Positiv aufgefallen ist uns die leichte Krümmung des Bildschirms. Gerade in hektischen Spielsituationen trägt sie dazu bei, auch die Ränder des Bildschirms im Blick zu behalten. In Kombination mit der enormen Breite schafft dieser Umstand einen spürbaren Wettbewerbsvorteil. Die Auflösung ist indes einwandfrei. Positiv aufgefallen sind uns auch die Farbdarstellung sowie der gebotene Kontrast. Angaben zur Farbraumabdeckung fehlen zwar, wir gehen jedoch davon aus, dass der LC-M34-UWQHD-144-C-V2 hier relativ gut abschneiden würde, da alle Farben detailgetreu dargestellt und satt wurden. Auch der gebotene Kontrast erschien uns überdurchschnittlich gut.

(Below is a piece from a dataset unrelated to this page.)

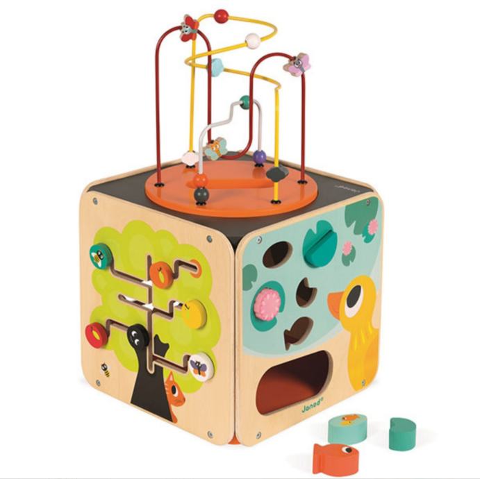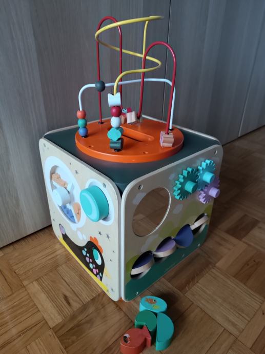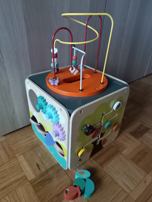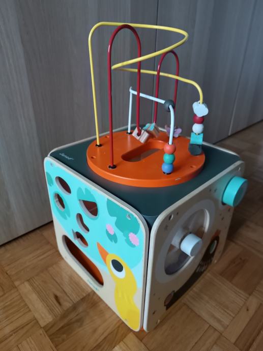 Janod didaktička drvena kocka za bebe. 8 igara u kocki za vježbanje vještina bebača. Kocka je korištena, bez oštećenja (na mjestima izlizana boja, ali ništa strašno), očišćena i dezinficirana.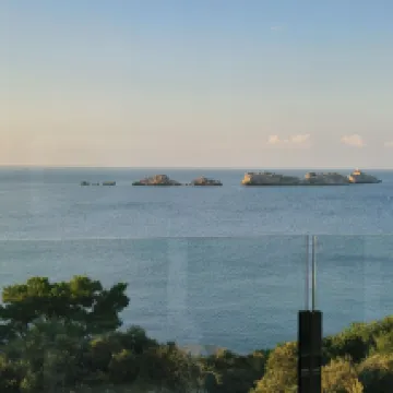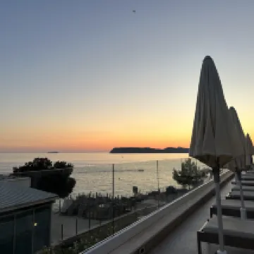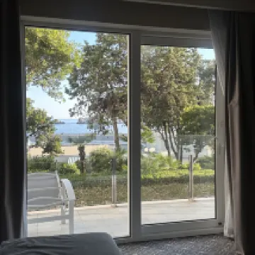 Забронировали семейный номер на две ночи. Из него открывается потрясающий вид на море. Балкон очень удобный и тихий. Завтрак обильный. Есть собственный тихий пляж, где можно купаться и загорать. Очень хороший выбор. Это курортный посёлок. Кроме того, очень удобно добираться на автобусе до старого города. Приятное пребывание.

Die einzige nennenswerte Schwäche, die uns im Praxistest aufgefallen ist, besteht in der Helligkeit des Bildschirms: Die 350 cd/m² sind für die meisten Anwendungen zwar hell genug und mir persönlich auch sowieso schon zu hell, dadurch ist aber kein HDR möglich. Das ist bei dem Preis einfach nicht drin.

Fazit

Insgesamt hat der LC-M34-UWQHD-144-C-V2 einen positiven Eindruck hinterlassen, der von den wenigen Schwächen, die sich im Praxistest offenbarten, nicht getrübt werden können. Er zählt zu den günstigsten 21:9-Modellen auf dem Markt, ist hochwertig verarbeitet und kann in der Praxis mit seiner Bildwiederholrate von 144 Hz sowie seiner UWQHD-Auflösung überzeugen. Seine durchschnittliche Bildwiederholrate und leichte Schwächen bei der Ausleuchtung sind in der Praxis abseits professionellen eSports wenig relevant und werden durch den niedrigen Preis in jedem Falle kompensiert. Insgesamt handelt es sich damit um einen Monitor, den wir Gamerinnen und Gamern, die nicht unbedingt im absoluten Profibereich tätig sind, eindeutig empfehlen können.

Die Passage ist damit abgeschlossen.